Kapitel 120

Aus irgendeinem Grund fühlte sich Mu Qinghan sehr wohl und fiel in einen tiefen Schlaf.

Währenddessen weigerten sich einige Leute in der Residenz des Prinzen von Qin zu baden und schliefen die ganze Nacht nicht.

Am nächsten Morgen traf Kaiserin Nalan früh in der Residenz von Prinz Qi ein.

Diese Veranstaltung hatte zweifellos ein grandioses Ausmaß.

Dies könnte als die größte Aufstellung in der Geschichte der Dayong-Dynastie zur Absetzung einer Prinzessin angesehen werden.

Kaiserin Nalan, die Kronprinzessin, Lady Mulan und Xiao Jiu, die sich stets auf den Weg macht, wenn es etwas Aufregendes gibt, waren alle anwesend. Selbst der achte Prinz, der sich sonst selten mit solchen Angelegenheiten befasst, traf frühzeitig ein. Auch Qin Wang Dongfang Hao, der bei solchen Anlässen nur selten zu sehen ist, kam in die Qi-Wang-Residenz.

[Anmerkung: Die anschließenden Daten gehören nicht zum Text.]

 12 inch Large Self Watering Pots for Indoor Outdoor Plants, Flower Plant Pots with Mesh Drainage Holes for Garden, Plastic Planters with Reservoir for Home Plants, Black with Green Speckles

Diese Prinzessin ist ganz klar keine gewöhnliche Frau!

Kaiserin Nalan blickte die Prinzen und Adligen an, und ihr Zorn wuchs noch mehr.

Früher wären diese Leute nicht unbedingt zu Palastbanketten oder ihren Geburtstagsfeiern gekommen, aber wegen dieser kleinen Mu Qinghan sind sie jetzt so fleißig!

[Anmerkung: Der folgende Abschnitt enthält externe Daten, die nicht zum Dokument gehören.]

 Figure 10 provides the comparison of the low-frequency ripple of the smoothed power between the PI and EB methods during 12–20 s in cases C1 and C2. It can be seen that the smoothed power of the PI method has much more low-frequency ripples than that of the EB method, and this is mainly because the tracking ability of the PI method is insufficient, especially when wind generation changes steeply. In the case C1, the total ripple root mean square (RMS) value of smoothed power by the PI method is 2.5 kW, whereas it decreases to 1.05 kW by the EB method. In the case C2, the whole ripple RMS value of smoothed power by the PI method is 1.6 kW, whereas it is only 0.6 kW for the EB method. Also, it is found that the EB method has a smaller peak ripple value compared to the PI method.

Kaiserin Nalan war wütend, musste aber dennoch das einer Kaiserin angemessene Verhalten wahren.

Kaiserin Nalan saß auf dem Ehrenplatz, die Kronprinzessin neben ihr. Lady Mulan saß auf dem ersten Platz rechts. Hinter ihr saßen Mu Yurou und die anderen Konkubinen aus dem Hof des Prinzen Qi. Jede von ihnen trug einen triumphierenden Ausdruck im Gesicht, als ob sie auf ein Spektakel warteten.

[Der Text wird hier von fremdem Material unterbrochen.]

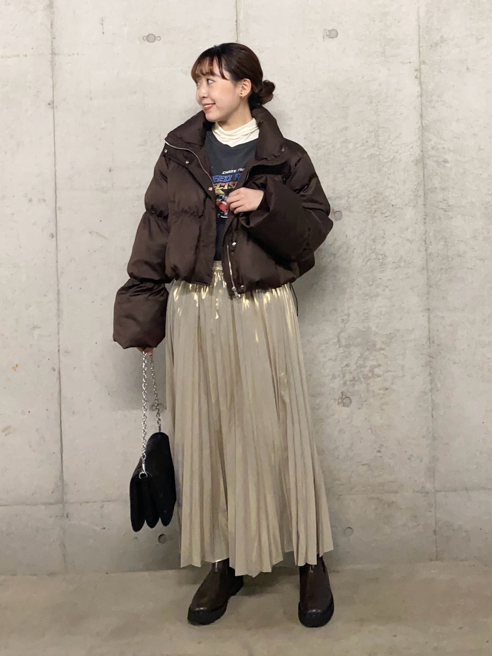 上品な印象なプリーツスカートを、クロップドダウンとロンTでカジュアルダウンさせてみました〜!!

Links sitzt der älteste Prinz, König Qin, Dongfang Hao, gefolgt von Dongfang Ze, dem achten Prinzen, und dem neunten Prinzen.

Obwohl die Angeklagtenliste lang war, befanden sich außer einigen Eunuchen und Mägden keine Außenstehenden darunter. Schließlich handelte es sich um eine Schande für die Königsfamilie, und der Prozess sollte nicht öffentlich stattfinden. Die gestrigen Ereignisse hatten sich jedoch bereits in der ganzen Hauptstadt verbreitet, und der heutige Prozess würde die Öffentlichkeit wohl kaum zum Schweigen bringen können.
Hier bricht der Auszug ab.